As an example, if you could somehow test a drug on 25 fifty year old white women of the same ethnic background, of similar height, weight, personality and body-type from the same place, who have similar immunologic histories, do the drug findings from this CCT relate to you, me and your neighbors? Answer? No!

 

The basis of the “Controlled Clinical Trial” sounds very impressive. You get a group of homogenous people suffering from the same condition or with no condition at all, you give them a drug and you see what happens. This information is then printed on drug inserts, in drug ads, in the Physicians’ Desk Reference and other publications as Side Effects, Contraindications, Adverse Reactions, Indications, and so on. The implication is that physicians will know what will happen when they give the drug to patients. The reality however is that there is no way of knowing.

 

These tests are very expensive. The FDA makes drug companies spend over $300 million to get a drug to market and yet you still cannot predict how people will react.

 

More than half the prescription drugs approved by the Food and Drug Administration (FDA) between 1976 and 1985 caused serious side effects that later caused the drugs to be either relabeled or removed from the market.[iii]

 

Coulter also brings up the salient point that Homoeopathy, as well as Chiropractic, is NOT suited to be judged by the Controlled Clinical Trial since a purely homogenous group of individuals (with or without the exact same disease, another impossibility) is needed to perform a proper CCT. Such a group does not exist since human variability is so great.

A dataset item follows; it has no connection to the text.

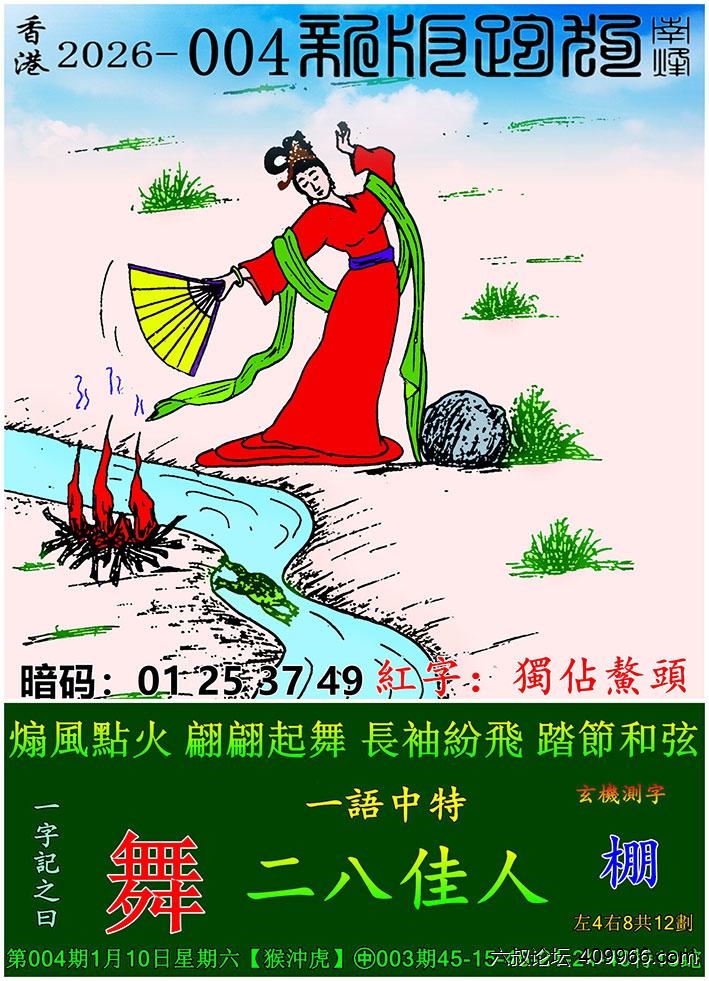 004期新版跑狗一字記之曰:【舞】 《棚》 一語中特:二八佳人

But Homeopaths and Chiropractors do not treat diseases and homeopathic philosophy, along with acupuncture and other vitalistic schools of healing do not even recognize individual diseases.

[i] Roger J. Williams cited in Controlled Clinical Trial by Harris Coulter, Ph.D. p.216.

[ii] I am indebted to Harris Coulter, Ph.D. and his two wonderful books, which every D.C. should have: The Controlled Clinical Trial and Divided Legacy Vol. 4.

[iii] M. Caldwell, Serious Side Effects linked too many drugs. Washington Post, May 28, 1990.